= Pinsk-Karlin =

Belarusian Hasidic dynasty

Pinsk-Karlin is a Hasidic group that is an offshoot of Karlin-Stolin.

==History==
A distinguished group of the elders of Karlin did not accept the leadership of the present Karlin-Stoliner Rebbe, who was a baby when his predecessor died. They asked the Lelover Rebbe to be their new rebbe. After the second generation, the Lelover Rebbe did not want to be unnecessarily involved in what he saw as "politics", and withdrew as their rebbe. The Hasidim then appointed Rabbi Aharon Rosenfeld, a Karliner Hasid himself, as their rebbe. To distinguish themselves from the Karlin-Stoliner Hasidim, they call themselves the Pinsk-Karlin.

== Rebbes ==
- Rabbi Moshe Mordechai Biderman of Lelov (1903–1987), who was accepted by many Karliner Hasidim as the new rebbe after the passing of Rabbi Yochanan of Karlin-Stolin.
  - Rabbi Shimon Biderman of Lelov, son of Rabbi Moshe.
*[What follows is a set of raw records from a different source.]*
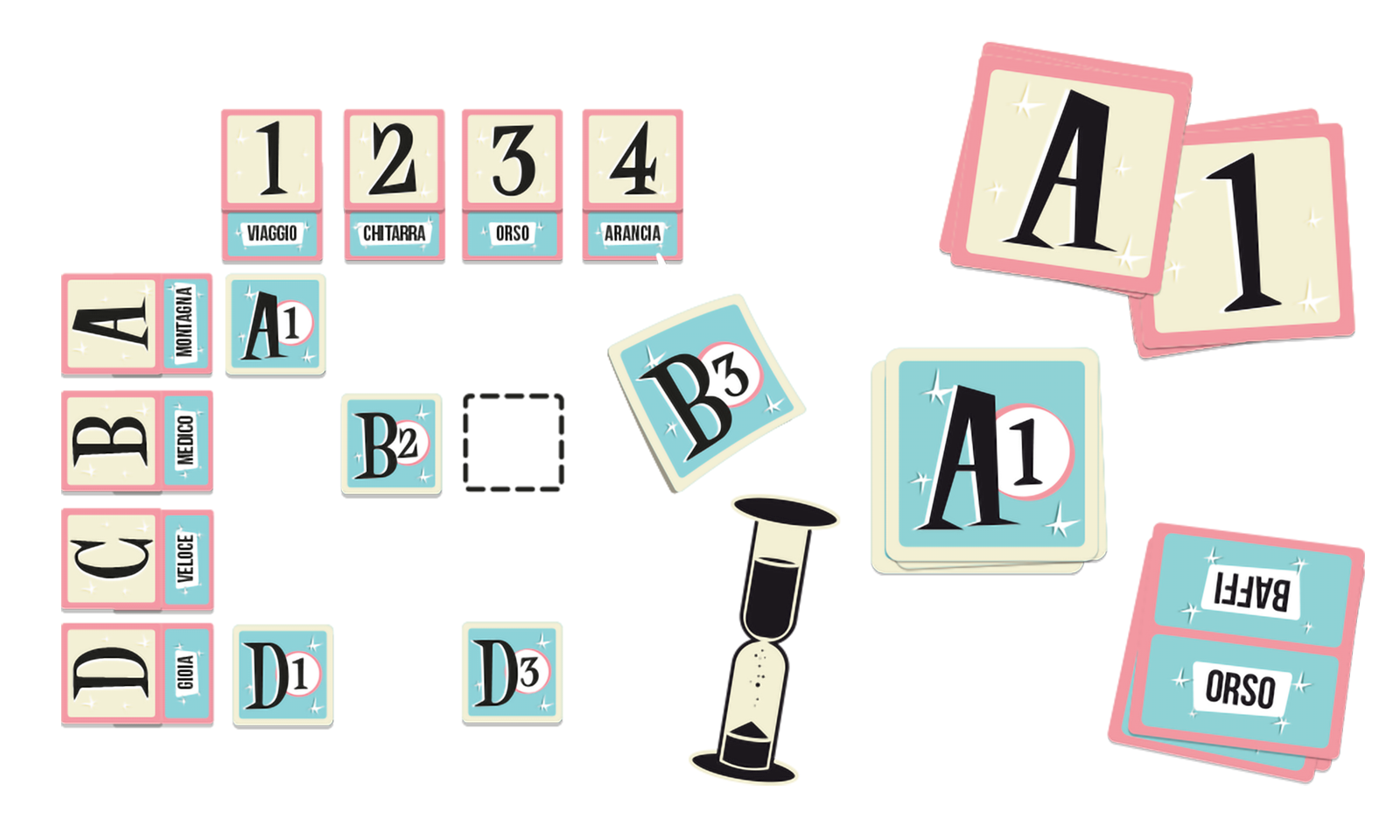 Pensate e collaborate come una vera squadra per riempire il più possibile la griglia di parole, fornendo indizi che rappresentino l’incrocio di due Parole in Codice!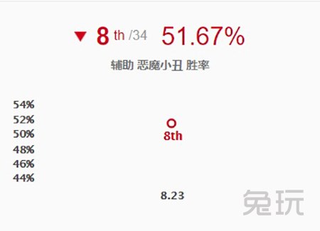 如图辅助小丑的胜率数据仅在S9季前赛版本中有,其数值为51.67%,是一个非常不错的胜率水平。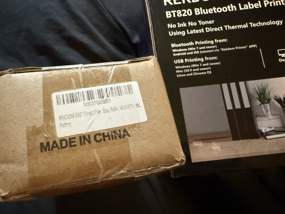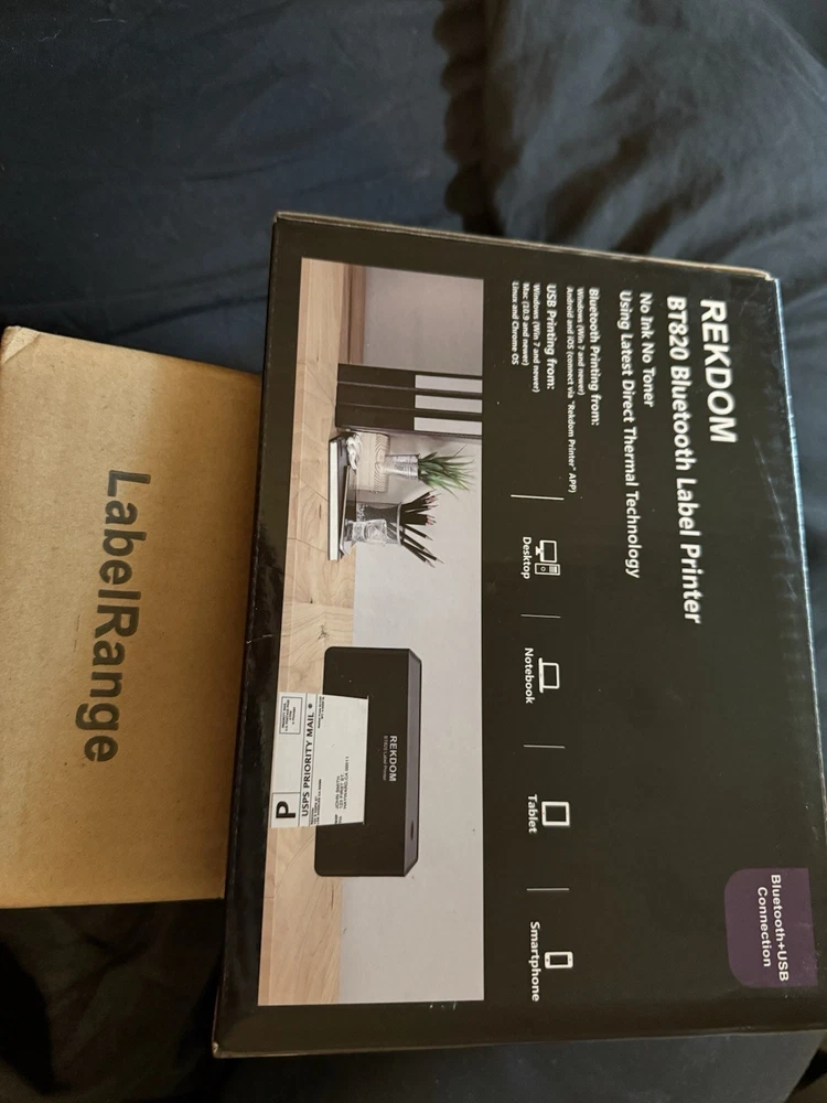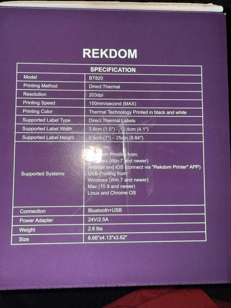 Brand New With Box and comes with a box of labels. Perfect for shipping boxes on any seller platform. Auto label identification, Inkless, all you buy are the BU820 printer and labelsBluetooth connection, easy to setup via "rekdom printer" app, High speed printing Printer Output Monochrome Item Weight 2.6 Pounds Product Dimensions 4.1"D x 8.7"W x 3.6"H Controller Type iOS, Android Compatible Devices Smartphones Dual-sided printing No 【 Wireless Bluetooth or Wired USB Connectivity 】 supports Windows, Android/iOS Smartphone and tablet. Wired USB connectivity supports Windows, Mac, Linux and Chrome OS. Download the driver from USB disk or official website and install it for PC use, 2 more minutes Bluetooth setup only for Windows. Bluetooth printing from Android/iOS Smartphone and tablet via "Rekdom Printer" APP with “Crop Image” and “Scan Barcode” functions. Allow you to crop any PDF label files to match your label sizes. Directly scan 1D/2D barcode from paper, substance or screen and instantly print the exact barcode labels out. 【 Compatibility of Size and Platform 】 Print label sizes from 1.5” to 4.1” (38mm-104mm) width to use in a variety of usage scenarios. Compatible with most platforms including Amazon, eBay, Etsy, Shopify, Shippo, Poshmark, PayPal, Shipstation, USPS, UPS, Pirateship and more. 【 Advanced Thermal and Auto Label without ink and ribbon, minimizing the cost of maintenance and consumables.Stable 150mm/s high print speed and 203dpi commercial grade resolution for both Bluetooth and USB

In 1991, he stepped down from the Karliner leadership, remaining as Lelover Rebbe of Bnei Brak.
    - Rebbe Aharon Hacohen Rosenfeld of Pinsk-Karlin (1927–2001), a descendant of Rebbe Aaron of Karlin, appointed as manhig (leader) of Pinsk-Karlin in 1991, as a successor of Rabbi Shimon of Lelov, who gave up leadership of the Karliner Hasidim after he suffered a stroke.
      - Rebbe Aryeh Rosenfeld of Pinsk-Karlin, present Rebbe of Pinsk-Karlin, son of Rabbi Aharon Rosenfeld, under whose leadership the community has expanded from Jerusalem to Bnei Brak, Beitar Illit, Beit Shemesh, and Upper Modiin.